• Problem to work on
Every line below from the one containing "The Reuben Shirt" through the one containing "这位被称作台湾名媛天花板的女" is to be printed exactly, with the pictures omitted.

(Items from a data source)
>>>
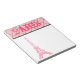 Uma Torre Eiffel cor-de-rosa decora este bloco de notas temático de Paris. Use este bloco de notas bonito para trabalhar, casa, escritório, negócios, escola, etc...O design é da arte original.
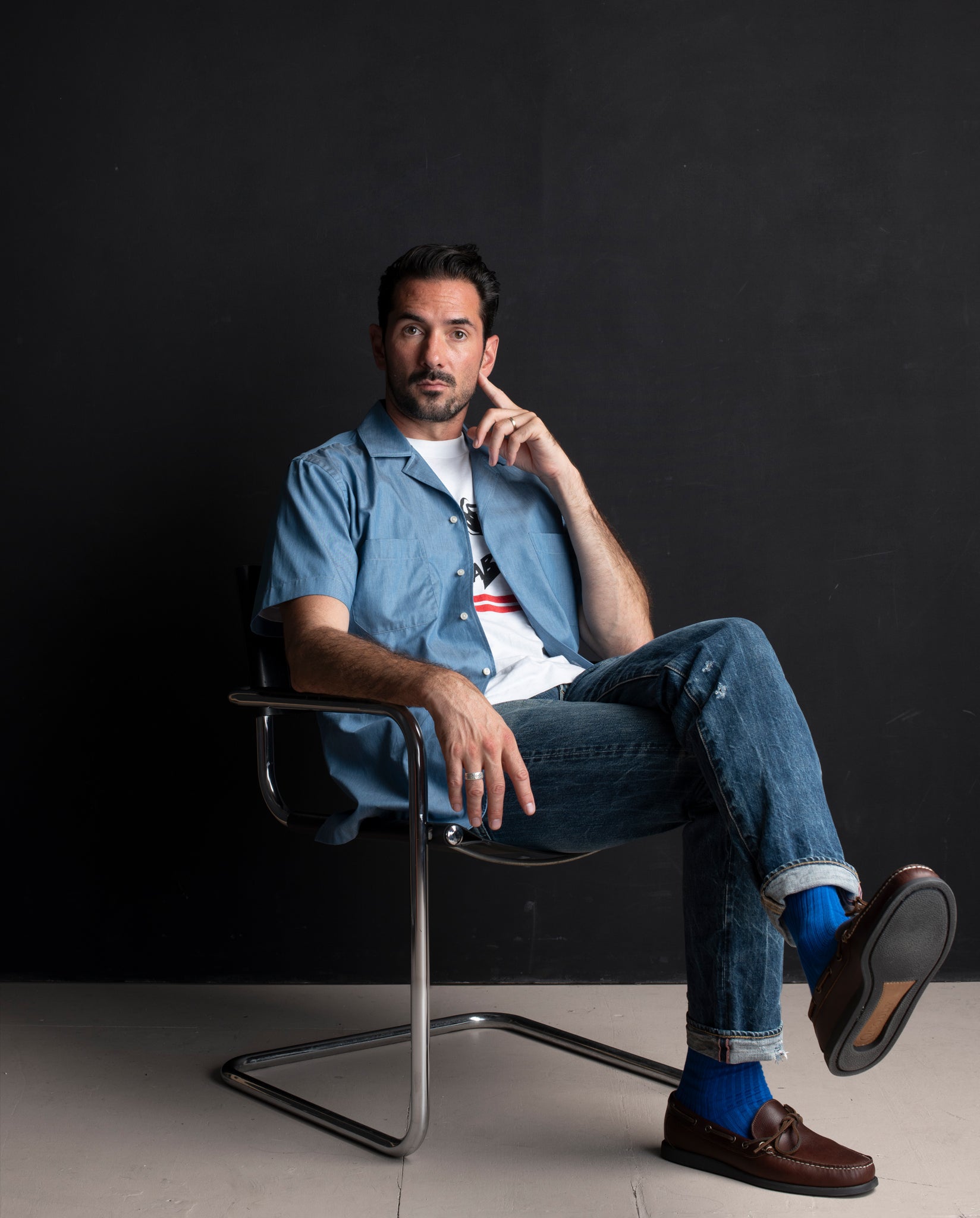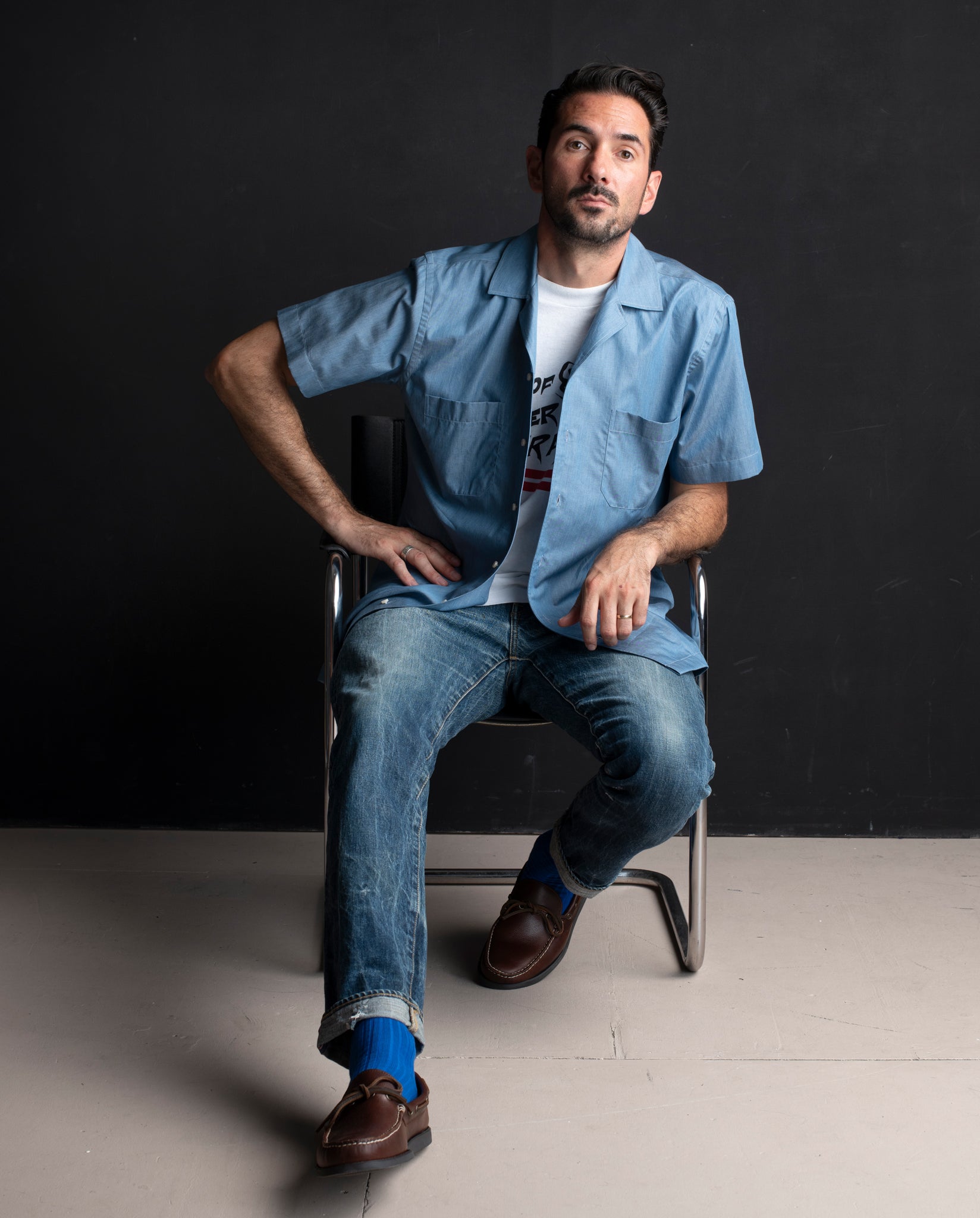 The Reuben Shirt is crafted from a luxuriously soft, lightweight chambray - a plain steel blue denim woven in Italy from 100% cotton. The fabric offers a refined ...
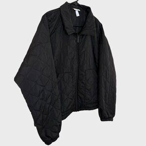 Zella Zip-Up Quilted Bomber Jacket Black Women's Medium Mock Neck Long-Sleeve
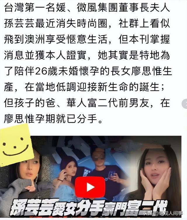 这位被称作台湾名媛天花板的女人,在得知女儿怀孕且男友失联的消息后,第一时间放下手头所有事务飞往澳洲。
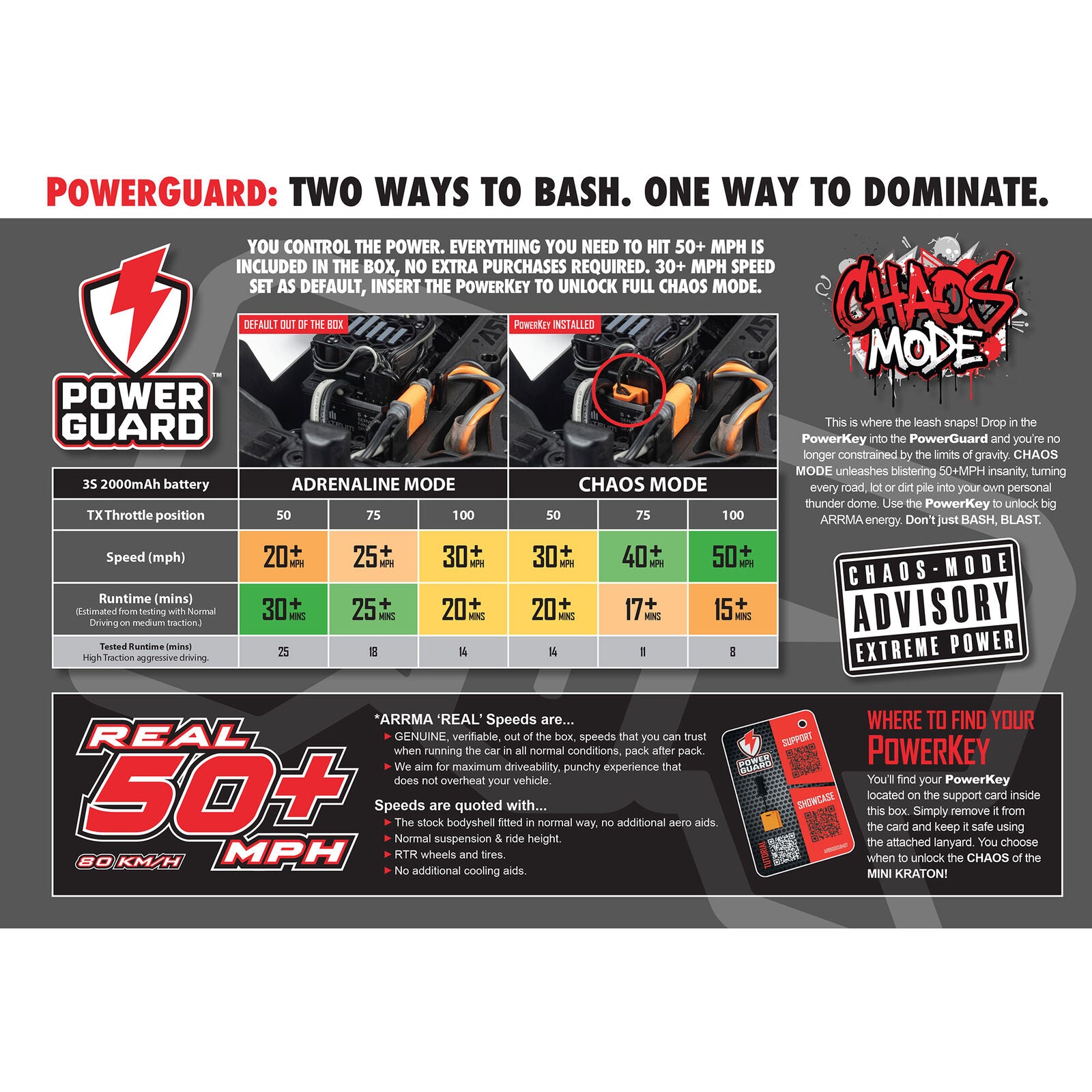 Then comes the power story that flips the script. The MINI KRATON 3S BLX is the first ARRMA vehicle equipped with PowerGuard. Right out of the box on 3S it runs at the sweet spot of 30+ mph and 20+ minutes runtime, great for everyone and perfect for dialing in your skills while still feeling the pulse of real brushless authority. If that's too much, flick a switch on the transmitter and open up 30+ minutes of play time. When your confidence rises and your grin widens it is time for the PowerKey. Plug it in and unleash full 50+ mph 3S muscle that turns this little powerhouse into pure KRATON chaos.
<<<
• Completed task
 The Reuben Shirt is crafted from a luxuriously soft, lightweight chambray - a plain steel blue denim woven in Italy from 100% cotton. The fabric offers a refined ...
 Zella Zip-Up Quilted Bomber Jacket Black Women's Medium Mock Neck Long-Sleeve
 这位被称作台湾名媛天花板的女人,在得知女儿怀孕且男友失联的消息后,第一时间放下手头所有事务飞往澳洲。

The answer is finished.